▶ [About this exercise]:
The lines below from the one with "2008年,国务院新制定的关" up to and including the one with "Lo stato di" are what you should set down, exactly and without pictures.

▶ [Entries shown]:

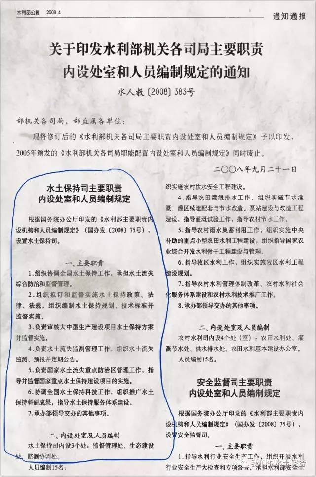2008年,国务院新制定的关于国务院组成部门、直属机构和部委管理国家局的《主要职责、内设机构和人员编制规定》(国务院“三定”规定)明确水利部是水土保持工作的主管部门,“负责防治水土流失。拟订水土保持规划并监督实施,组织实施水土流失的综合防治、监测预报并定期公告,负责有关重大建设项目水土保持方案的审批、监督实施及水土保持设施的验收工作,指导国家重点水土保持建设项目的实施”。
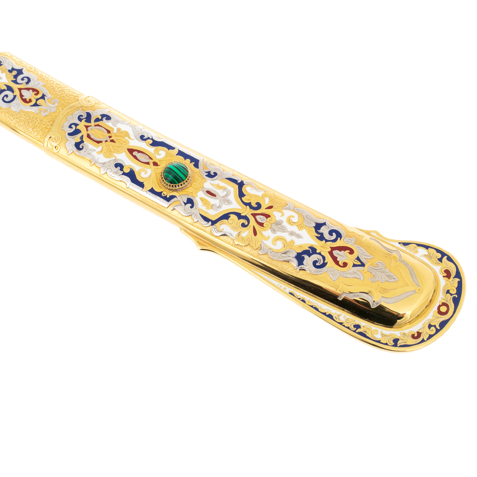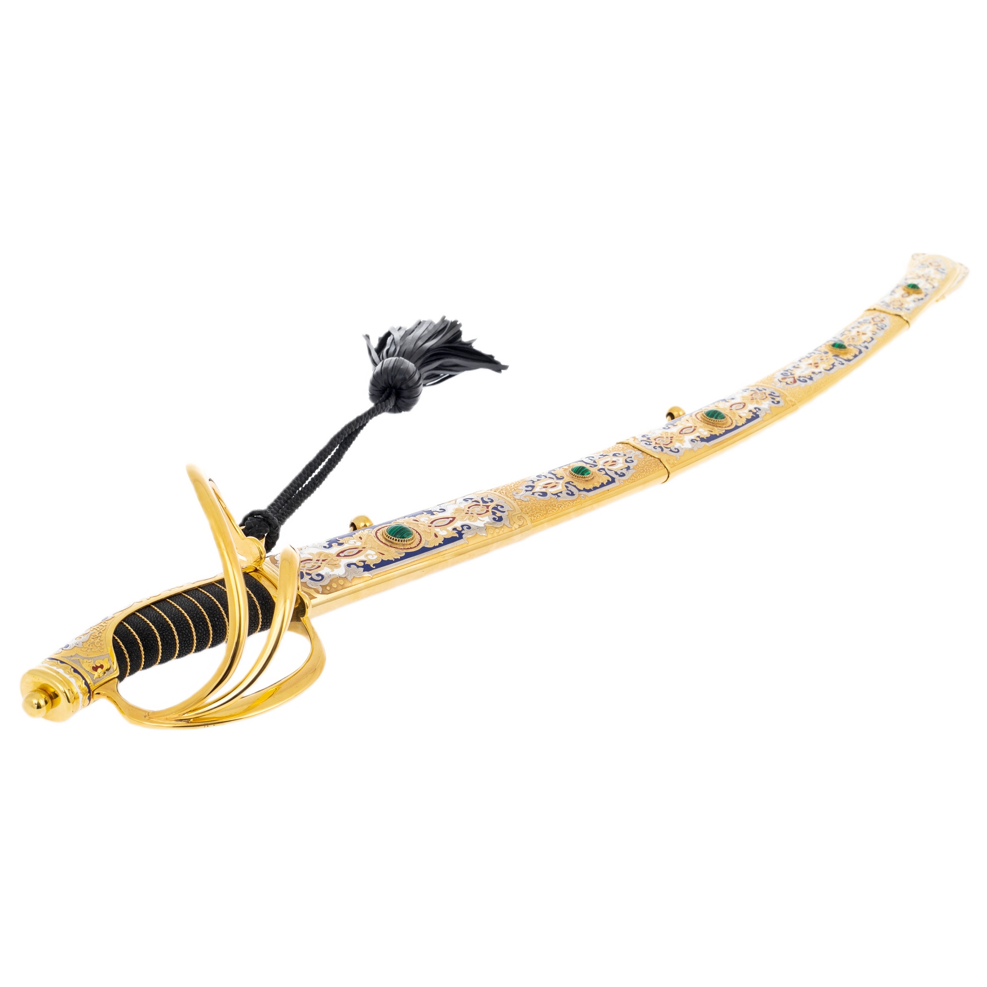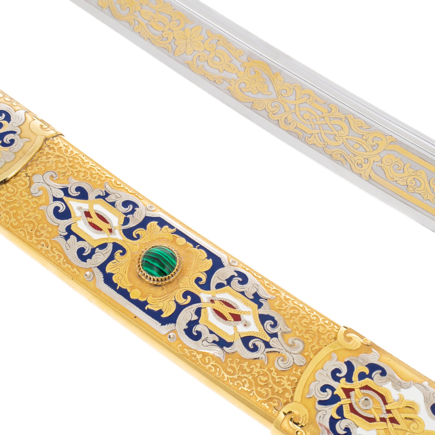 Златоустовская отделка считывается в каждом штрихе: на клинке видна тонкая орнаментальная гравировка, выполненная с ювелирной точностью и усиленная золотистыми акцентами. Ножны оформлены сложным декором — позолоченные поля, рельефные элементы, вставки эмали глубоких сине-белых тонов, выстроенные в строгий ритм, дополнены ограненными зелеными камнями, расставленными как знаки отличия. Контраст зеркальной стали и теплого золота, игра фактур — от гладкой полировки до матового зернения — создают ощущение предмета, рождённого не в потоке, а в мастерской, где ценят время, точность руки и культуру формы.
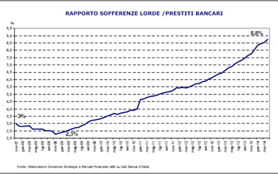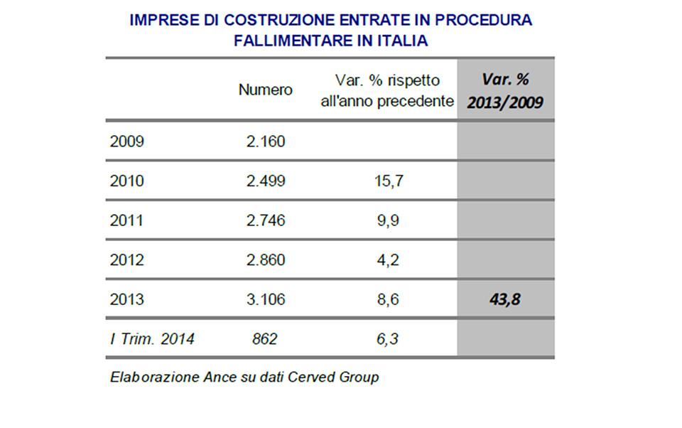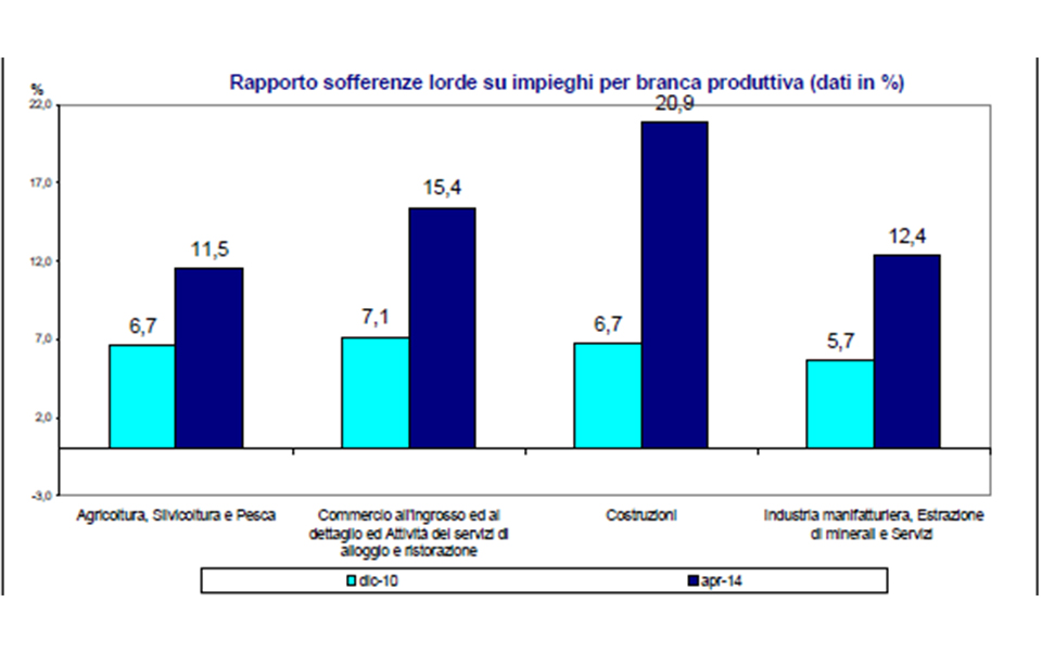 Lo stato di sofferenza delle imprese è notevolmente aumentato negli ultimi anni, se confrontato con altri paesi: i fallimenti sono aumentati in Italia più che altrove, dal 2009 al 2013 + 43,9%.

* * *

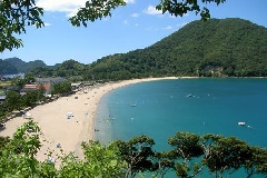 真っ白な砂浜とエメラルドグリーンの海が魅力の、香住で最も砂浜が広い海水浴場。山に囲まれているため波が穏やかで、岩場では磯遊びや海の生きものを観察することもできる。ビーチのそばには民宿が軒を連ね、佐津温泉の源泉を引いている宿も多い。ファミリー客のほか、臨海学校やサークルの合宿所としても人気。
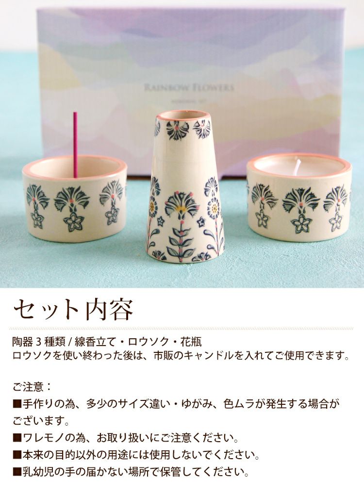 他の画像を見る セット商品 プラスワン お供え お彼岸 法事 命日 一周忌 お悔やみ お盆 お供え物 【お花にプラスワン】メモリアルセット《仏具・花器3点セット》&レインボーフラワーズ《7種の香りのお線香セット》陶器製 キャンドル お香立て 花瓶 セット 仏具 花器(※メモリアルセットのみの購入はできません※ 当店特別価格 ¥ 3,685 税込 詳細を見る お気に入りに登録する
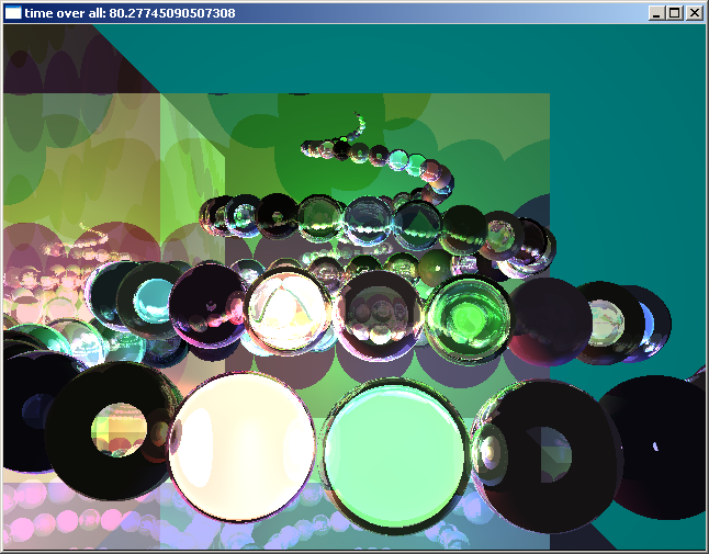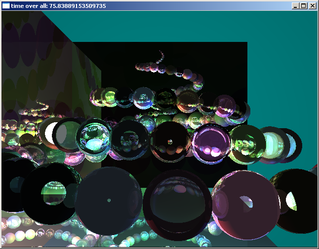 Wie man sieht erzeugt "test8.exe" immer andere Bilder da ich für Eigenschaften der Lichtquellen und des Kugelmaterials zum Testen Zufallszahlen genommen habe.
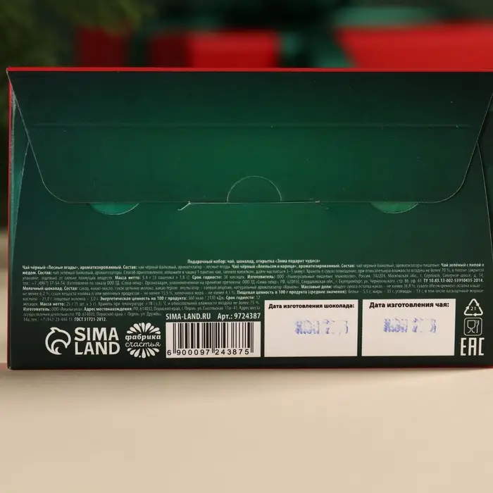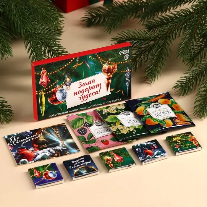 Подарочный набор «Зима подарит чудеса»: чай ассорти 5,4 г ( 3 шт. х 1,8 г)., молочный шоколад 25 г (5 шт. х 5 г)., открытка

...

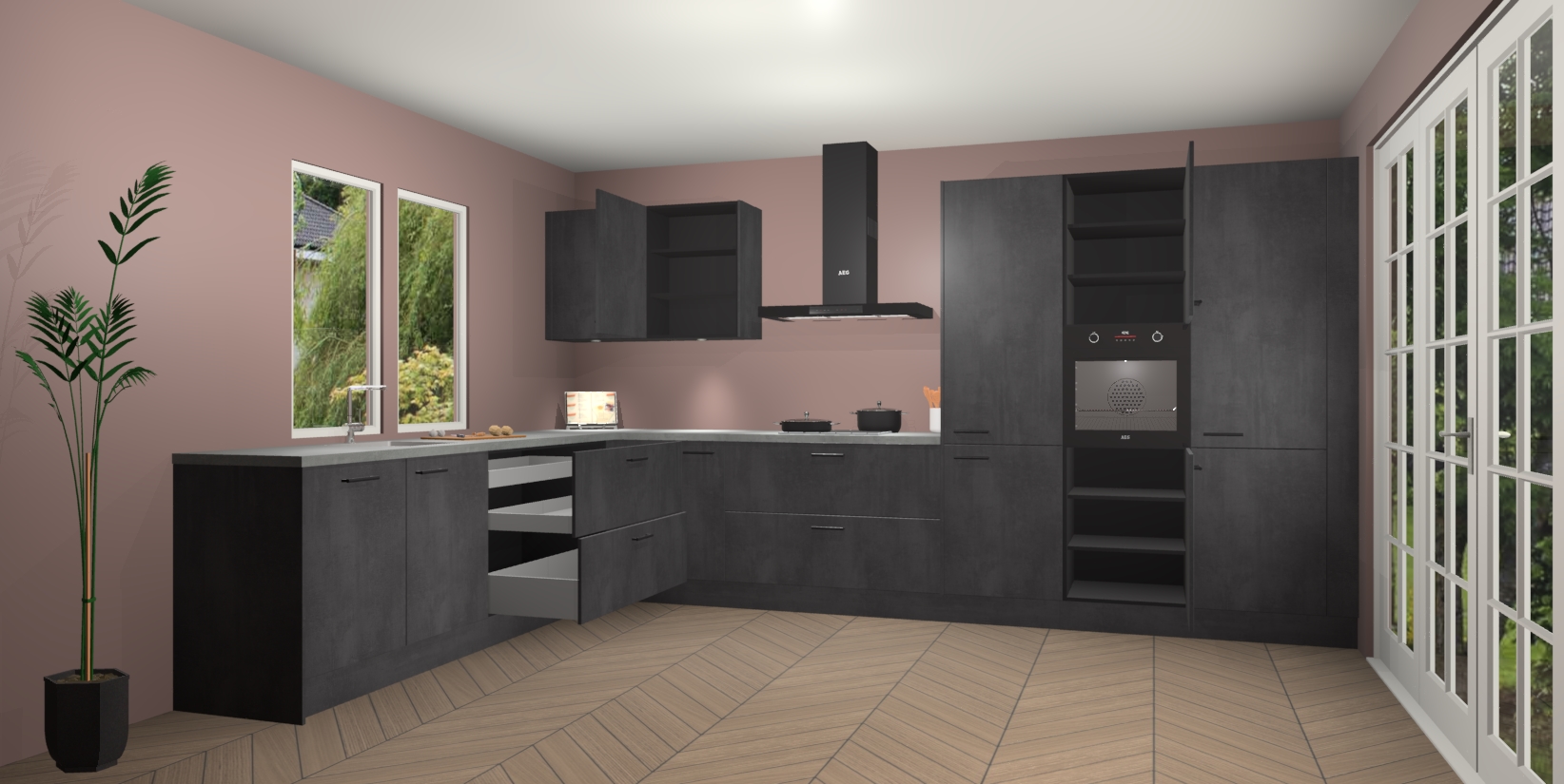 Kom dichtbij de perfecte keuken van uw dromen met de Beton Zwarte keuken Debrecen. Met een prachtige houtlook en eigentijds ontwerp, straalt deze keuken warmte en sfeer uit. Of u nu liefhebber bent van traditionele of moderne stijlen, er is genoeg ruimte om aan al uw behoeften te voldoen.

▶ [Answer space]:
2008年,国务院新制定的关于国务院组成部门、直属机构和部委管理国家局的《主要职责、内设机构和人员编制规定》(国务院“三定”规定)明确水利部是水土保持工作的主管部门,“负责防治水土流失。拟订水土保持规划并监督实施,组织实施水土流失的综合防治、监测预报并定期公告,负责有关重大建设项目水土保持方案的审批、监督实施及水土保持设施的验收工作,指导国家重点水土保持建设项目的实施”。
 Златоустовская отделка считывается в каждом штрихе: на клинке видна тонкая орнаментальная гравировка, выполненная с ювелирной точностью и усиленная золотистыми акцентами. Ножны оформлены сложным декором — позолоченные поля, рельефные элементы, вставки эмали глубоких сине-белых тонов, выстроенные в строгий ритм, дополнены ограненными зелеными камнями, расставленными как знаки отличия. Контраст зеркальной стали и теплого золота, игра фактур — от гладкой полировки до матового зернения — создают ощущение предмета, рождённого не в потоке, а в мастерской, где ценят время, точность руки и культуру формы.
 Lo stato di sofferenza delle imprese è notevolmente aumentato negli ultimi anni, se confrontato con altri paesi: i fallimenti sono aumentati in Italia più che altrove, dal 2009 al 2013 + 43,9%.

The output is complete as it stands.